Tyne set for a makeover

PROPOSALS have been tabled for an ambitious public art programme to mark the importance of the River Tyne as a gateway to the region.

Tynemouth priory

PROPOSALS have been tabled for an ambitious public art programme to mark the importance of the River Tyne as a gateway to the region.

The estimated cost of the three-year programme would be around £3.25m.

A feasibility study by North and South Tyneside councils has been given a new impetus by the impact of the QE2 visit to the river.

The aims of the project would also include:

The celebration of joint working and of communities on both banks of the Tyne.

High quality public artworks which would highlight the Tyne Gateway and contribute to the regeneration of the area.

Providing new attractions which would draw people to the river.

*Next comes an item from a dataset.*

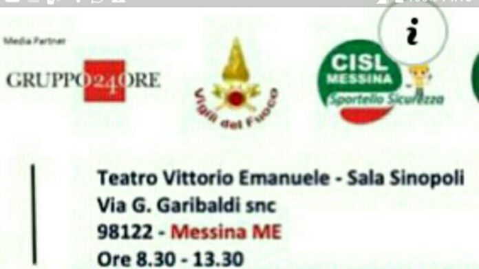 Un seminario che vedrà la presenza, tra gli altri, del prefetto Cosima Di Stani, del Presidente dell’Ente Teatro Orazio Miloro, del Segretario Generale USR CISL Sicilia Sebastiano Cappuccio, del Segretario Generale CISL Messina Antonino Alibrandi, del Segretario Generale FNS CISL Massimo Vespia, del Segretario Nazionale AiFOS Francesco Naviglio, del Direttore INPS Messina Gaetano Minutoli, del Direttore INAIL Messina Mariagiovanna Costanza.

Raising the profile nationally and internationally of the Tyne Gateway.

The project would be divided into three themes – The View Across the River, The View Out of the River to Sea and Watching the Water, which would concentrate on life on the river.

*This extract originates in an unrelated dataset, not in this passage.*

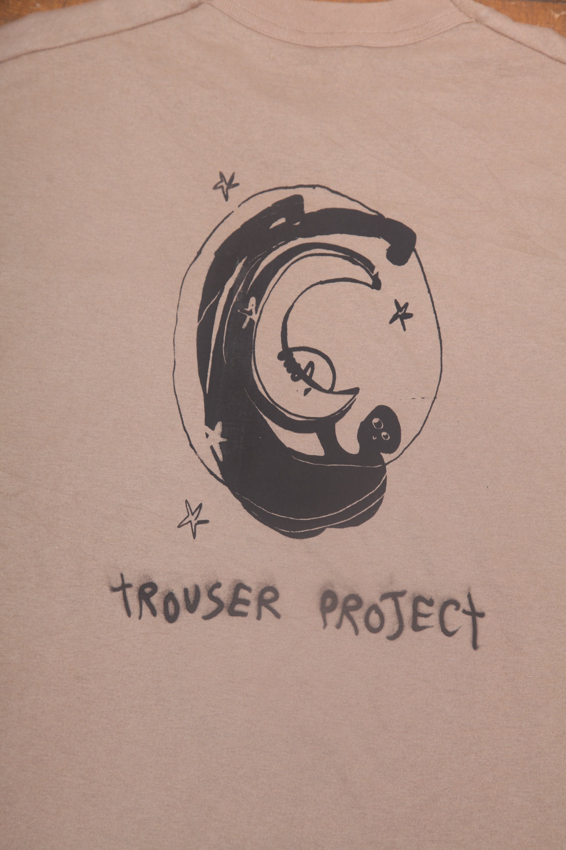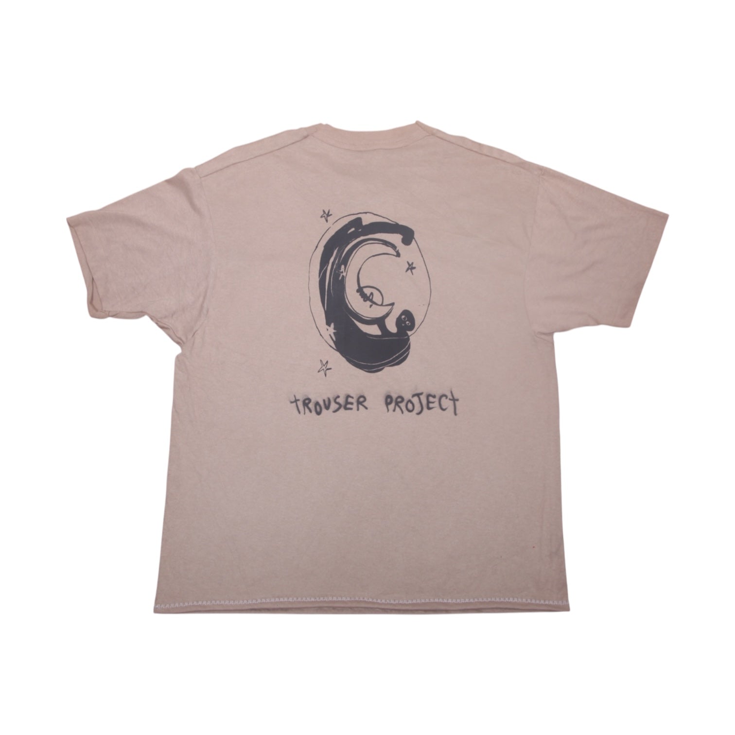 Pre-loved beige tan T-Shirt with graphic screen-print design and airbrush. Sustainable, hand printed, and one-of-a-kind. Please note that all items are sourced second hand so may have some wear, any marks have been covered with the new designs. The label may say a different size, I have used a standard sizing chart to keep it consistent.

The study envisages – View Across:

A Europe-wide competition to create viewing platforms at the Stag Line site in Howard Street, North Shields, and the Ballast Hill in South Shields.

Illumination of key landmarks to reflect navigational alignments along the river.

The landscaping of Knotts Flats Bank in North Tyneside and Lawe Top in South Shields through artist/landscape designer collaboration.

View Out:

Illumination of the Tynemouth and South Shields piers.

Bringing together choirs from around the North Sea in a Harbour Songs event.

Using the empty coastguard station in the grounds of Tynemouth Castle and Priory as a research field station for artists, scientists and environmentalists.

Creating a new gateway to the historic Cliffords Fort on North Shields Fish Quay.

Watching the Water:

A live digital work based on shipping movements.

A ship spotters’ guide allowing ship tracking with web-based information.

An annual Very Small Ships Race.

Water Music – a live orchestration of ship horns along the river.

The study points out that it can be argued that the commissioning of public art at the mouth of the river goes back to Collingwood’s Monument in 1845, up to the 1999 Tyne Anew sculpture on the North Shields riverfront and the Conversation Piece sculptures on South Shields foreshore.

It is proposed that a steering group is set up including the two councils, Port of Tyne Authority, One NorthEast, Arts Council England and other bodies.

The study says the programme would add a new dimension to the mouth of the river for visitors.

Three artists were appointed to develop ideas for the project. They are Danish artist Lisa Autogena, who is working on a project to create a pair of huge concrete “sound mirrors” on either side of the Channel in Kent and France, international sculptor Richard Deacon, who has been a board member of the Baltic at Gateshead, and David Ward, former artist in residence at Durham Cathedral.